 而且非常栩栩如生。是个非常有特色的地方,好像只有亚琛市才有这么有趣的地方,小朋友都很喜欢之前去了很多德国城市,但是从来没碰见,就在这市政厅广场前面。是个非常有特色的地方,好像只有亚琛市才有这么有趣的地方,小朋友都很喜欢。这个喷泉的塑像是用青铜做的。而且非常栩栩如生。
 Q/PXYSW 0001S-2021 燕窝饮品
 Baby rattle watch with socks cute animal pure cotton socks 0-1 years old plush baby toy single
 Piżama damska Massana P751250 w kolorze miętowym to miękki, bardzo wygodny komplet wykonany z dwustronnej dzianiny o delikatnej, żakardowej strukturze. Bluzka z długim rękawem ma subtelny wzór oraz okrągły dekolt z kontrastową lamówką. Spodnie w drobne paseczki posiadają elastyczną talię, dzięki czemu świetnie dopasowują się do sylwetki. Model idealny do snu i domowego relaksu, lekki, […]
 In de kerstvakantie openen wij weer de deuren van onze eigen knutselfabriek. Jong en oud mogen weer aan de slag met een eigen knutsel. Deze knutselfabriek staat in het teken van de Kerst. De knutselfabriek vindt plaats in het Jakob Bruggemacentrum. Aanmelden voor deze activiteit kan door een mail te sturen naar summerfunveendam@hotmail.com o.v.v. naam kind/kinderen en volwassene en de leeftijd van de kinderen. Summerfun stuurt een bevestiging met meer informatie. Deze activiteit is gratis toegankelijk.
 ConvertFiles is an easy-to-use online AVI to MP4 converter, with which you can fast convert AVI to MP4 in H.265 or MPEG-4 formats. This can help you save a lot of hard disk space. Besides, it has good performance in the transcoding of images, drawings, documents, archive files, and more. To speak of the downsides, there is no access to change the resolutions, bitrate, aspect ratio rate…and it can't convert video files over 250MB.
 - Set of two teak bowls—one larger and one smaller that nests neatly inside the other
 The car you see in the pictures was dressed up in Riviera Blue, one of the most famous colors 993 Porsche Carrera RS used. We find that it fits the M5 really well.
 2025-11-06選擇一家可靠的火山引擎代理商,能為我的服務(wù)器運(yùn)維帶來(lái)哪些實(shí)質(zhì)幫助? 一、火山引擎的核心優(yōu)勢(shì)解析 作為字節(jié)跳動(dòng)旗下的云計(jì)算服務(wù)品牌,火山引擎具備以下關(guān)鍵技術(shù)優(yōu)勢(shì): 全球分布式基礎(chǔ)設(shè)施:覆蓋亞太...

* * * *

Retype the listing from its first line onward, stopping after the line that contains "Piżama damska Massana" has been retyped in full.

*COMPLETED EXERCISE*
 而且非常栩栩如生。是个非常有特色的地方,好像只有亚琛市才有这么有趣的地方,小朋友都很喜欢之前去了很多德国城市,但是从来没碰见,就在这市政厅广场前面。是个非常有特色的地方,好像只有亚琛市才有这么有趣的地方,小朋友都很喜欢。这个喷泉的塑像是用青铜做的。而且非常栩栩如生。
 Q/PXYSW 0001S-2021 燕窝饮品
 Baby rattle watch with socks cute animal pure cotton socks 0-1 years old plush baby toy single
 Piżama damska Massana P751250 w kolorze miętowym to miękki, bardzo wygodny komplet wykonany z dwustronnej dzianiny o delikatnej, żakardowej strukturze. Bluzka z długim rękawem ma subtelny wzór oraz okrągły dekolt z kontrastową lamówką. Spodnie w drobne paseczki posiadają elastyczną talię, dzięki czemu świetnie dopasowują się do sylwetki. Model idealny do snu i domowego relaksu, lekki, […]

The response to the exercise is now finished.